Fixing clamp for mechanical load test of photovoltaic module

Technical Field

The application relates to the field of fixing clamps, in particular to a fixing clamp for mechanical load testing of a photovoltaic module.

Background

The mechanical load test of the photovoltaic module is a test method for testing the performance and stability of the solar photovoltaic module under a certain mechanical load. The mechanical load includes both a forward load and a reverse load. The forward load refers to the load applied to the surface of the photovoltaic module perpendicular to the module plane, and the reverse load refers to the load applied to the back of the photovoltaic module.

In the load test, the photovoltaic module is required to be clamped and positioned so as to prevent the photovoltaic module from displacement to influence the test result, however, the photovoltaic module has various different specifications, the length and the thickness of the photovoltaic module of each specification are different, when the photovoltaic module with different lengths and thicknesses is positioned by using the existing clamping tool, the clamping tools with different lengths and thicknesses are required to be replaced according to the lengths and the thicknesses of the photovoltaic modules to be tested, and the convenience is low.

Disclosure of utility model

In order to solve the problem of low convenience of the existing clamping tool, the application provides a fixing clamp for testing the mechanical load of a photovoltaic module.
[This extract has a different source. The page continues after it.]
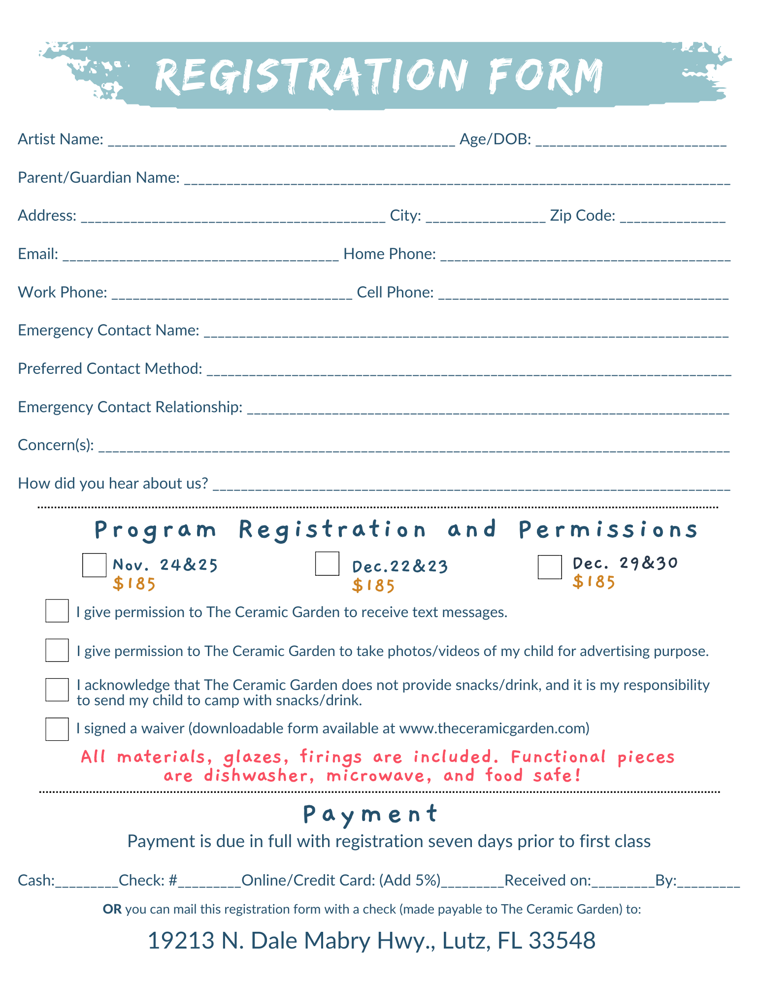 Register by purchasing the mini art camp(s) you'd like the kiddos to attend (click on picture or green bar below) and by completing the registration and waiver forms (click here, or scroll down to PDF forms to download.

The application provides a fixing clamp for mechanical load test of a photovoltaic module, which adopts the following technical scheme:

The fixing clamp for the mechanical load test of the photovoltaic module comprises a bracket and a supporting plate arranged on the bracket, wherein two baffles are connected onto the supporting plate in a sliding manner, and a transmission assembly for driving the baffles to slide along the length direction of the supporting plate is arranged below the bracket; the two opposite side walls of the baffle are respectively provided with a pressing plate, the baffle is provided with a placing groove, and a locking piece for locking the pressing plates is arranged in the placing groove.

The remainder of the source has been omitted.